JB operates nearly 300 flights a day in NYC. Will be building back to 200+ flights a day in BOS and has the gate commitments to do it. They've built a loyal customer base in those large metros and have historically been profitable there, outside of COVID. What do you think will happen to that customer base if JB were to go ULCC? Can you point me to a large metro other than MCO/LAS that has shown any kind of chance of supporting 200-300 ULCC flights per day? The closest I can think of is DEN for F9, which is a small fraction of that 200-300 flights per day, is shrinking (F9 is shrinking DEN pilot base, again) and they are having to move to a new parking location without jetways (will be all air-stair parking) because they can't take market share from high-fare United and Southwest, can't make margins while still paying for jetways. There literally is no example of a ULCC having very high levels of flying in any large metro outside of MCO/LAS. It's just my opinion, but I think JB would lose much of it's customer base in BOS/NYC and have to shrink dramatically in those metros, if they changed models. Look at some of Spirit's long standing bases, like DTW. 30 flights per day? After all these years? Most other non-Florida, non-LAS bases are the same. It doesn't scale up to large operations nearly anywhere.

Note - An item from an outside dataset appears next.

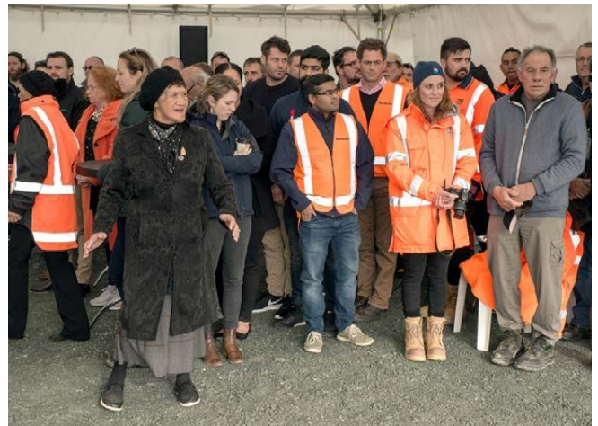
A kuia from Te Uri o Hau welcomes officials into the ceremony.

JB can't be an everywhere to everywhere legacy with only 450 combined airplanes. It can't really be a 450 plane ULCC without abandoning the large markets it's built, and even then I think it wouldn't be successful, even if it tried. It's best course in my opinion is to do what it's trying to do, which is to nationalize it's brand with it's core product, continue to focus on premium transcontinental flying which every conference call they say it's exceeding expectations, and continue to build out a European network. There is NO perfect model, but from where we are, the current JB plan looks best to me.